1.1. Contexte de l’étude

1.1.3. Accompagnement des enseignants par le conseiller pédagogique

Pour soutenir le développement professionnel des enseignants, plusieurs systèmes d’enseignement leur offrent de l’accompagnement par des professionnels dans le contexte de leur école (Mané et Lessard, 2007). Ces professionnels sont nommés conseillers pédagogiques3

dans certains pays francophones (p. ex. Belgique) et coach dans certains pays anglophones (p. ex. États-Unis). Dans la présente thèse, l’accompagnement d’enseignants par le conseiller pédagogique est considéré comme un processus complexe et dynamique de pensées et de pratiques orientées vers l’atteinte d’objectifs précis, favorisant l’agentivité des enseignants et relié aux caractéristiques individuelles du conseiller pédagogique et aux caractéristiques du contexte de l’école. Comme les caractéristiques individuelles du conseiller pédagogique et son processus d’accompagnement peuvent varier d’un contexte à l’autre, cette section présente d’abord les apports du processus d’accompagnement dans le développement professionnel des enseignants. Ensuite, des exemples de la France, de la Belgique, des États-Unis et du Canada sont présentés. Pour chaque exemple, la description des caractéristiques du conseiller pédagogique est d’abord donnée, suivie d’une description de son processus d’accompagnement dans le contexte de l’école.

3 Dans cette thèse, le terme « conseiller pédagogique » réfère à tout professionnel ayant la tâche d’accompagnement

Plusieurs recherches ont montré l’apport du processus d’accompagnement du conseiller pédagogique sur les conceptions et les pratiques des enseignants et sur les résultats des élèves. En effet, les enseignants ayant reçu un accompagnement considèrent que leur rôle est de soutenir le processus d’apprentissage des élèves (Teemant, 2014) et de répondre à leurs besoins (Stephens, Morgan, DeFord, Donnelly, Hamel, Keith, Brink, Johnson, Seaman, Young, Galant, Hao et Leigh, 2011; Vanderburg et Stephens, 2010), ce qui n’est pas constaté chez les enseignants qui n’ont pas reçu d’accompagnement. De plus, la mise en œuvre de leurs pratiques s’est améliorée par rapport aux attentes des programmes d’enseignement (Coburn et Woulfin, 2012) et aux attentes des chercheurs (Neuman et Cunningham, 2009; Sailors et Price, 2015; Teemant, Wink et Tyra, 2011; Vanderburg et Stephens 2010; Stephens et al., 2011). Certains changements de conceptions et de pratiques chez les enseignants ont même été maintenus dans le temps (Sutherland, Conroy, Vo et Ladwig, 2015; Teemant, 2014). Par ailleurs, les élèves des enseignants accompagnés ont obtenu un rendement plus élevé en littératie en comparaison avec le groupe-témoin (Biancarosa, Bryk et Dexter, 2010; Matsumura, Garnier, Correnti, Junker et Bickel, 2010) et plus précisément en lecture (Sailors et Price, 2015; Elish-Piper et L’Allier, 2011).

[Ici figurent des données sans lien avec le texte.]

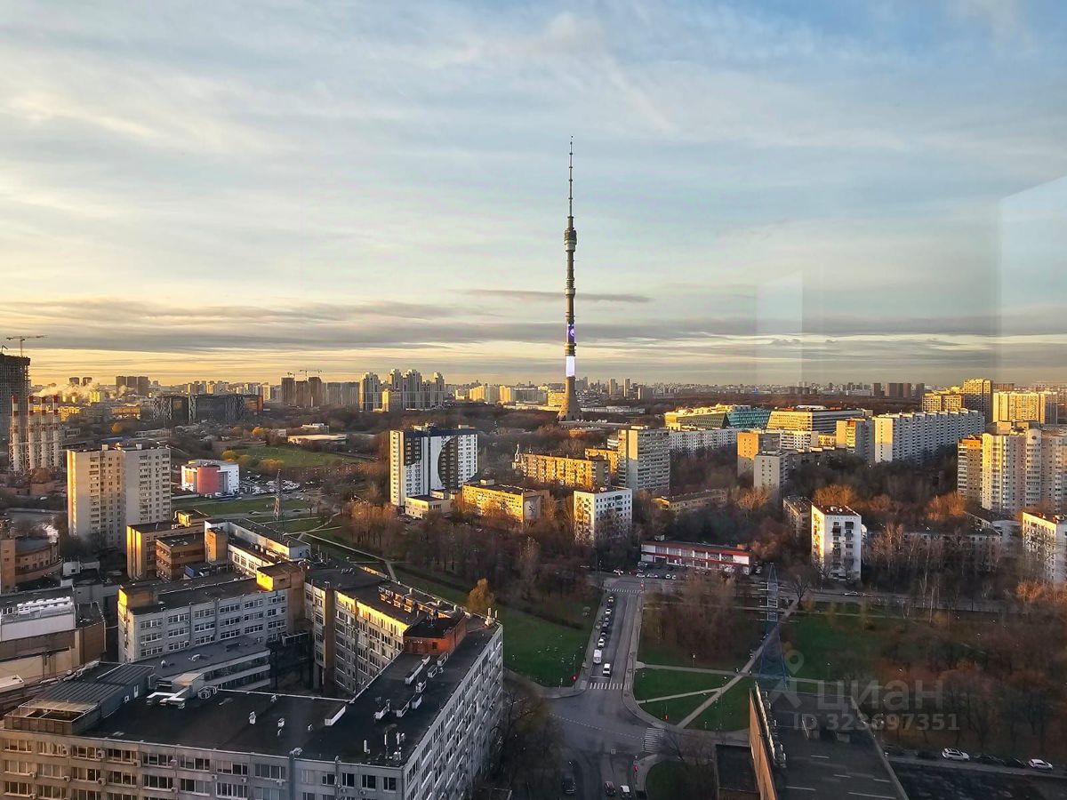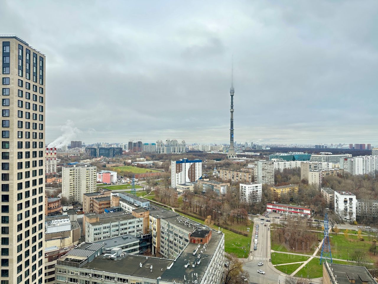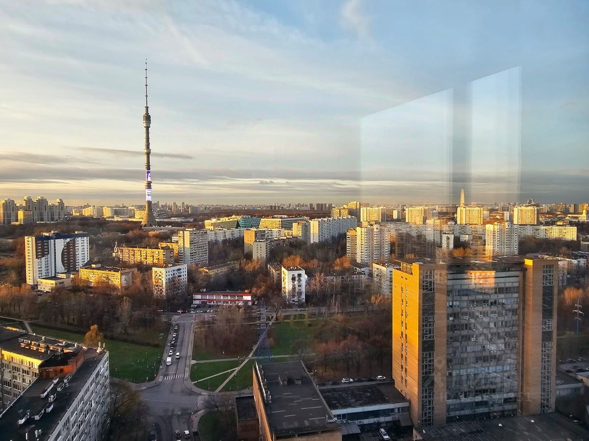 Квартира отличается панорамными окнами, высокими потолками и видом на Останкинскую башню, ВДНХ и другие знаковые объекты города.

En France, les conseillers pédagogiques sont des enseignants en exercice qui sont dégagés partiellement de leur tâche d’enseignement pour accompagner les nouveaux enseignants (Jorro et Pana-Martin, 2012). Le conseiller pédagogique français a aussi un rôle à jouer dans la formation initiale des enseignants et « apporte son appui aux enseignants, aux directeurs et aux équipes pédagogiques » (MEN, 2019d). Diplômés d’un certificat d’aptitude à la fonction d’instituteur professeur des écoles maitre formateur (MEN, 2019d), leur processus d’accompagnement consiste à observer en classe puis à s’entretenir avec l’enseignant sur les éléments observés (Jorro et Pana-Martin, 2012).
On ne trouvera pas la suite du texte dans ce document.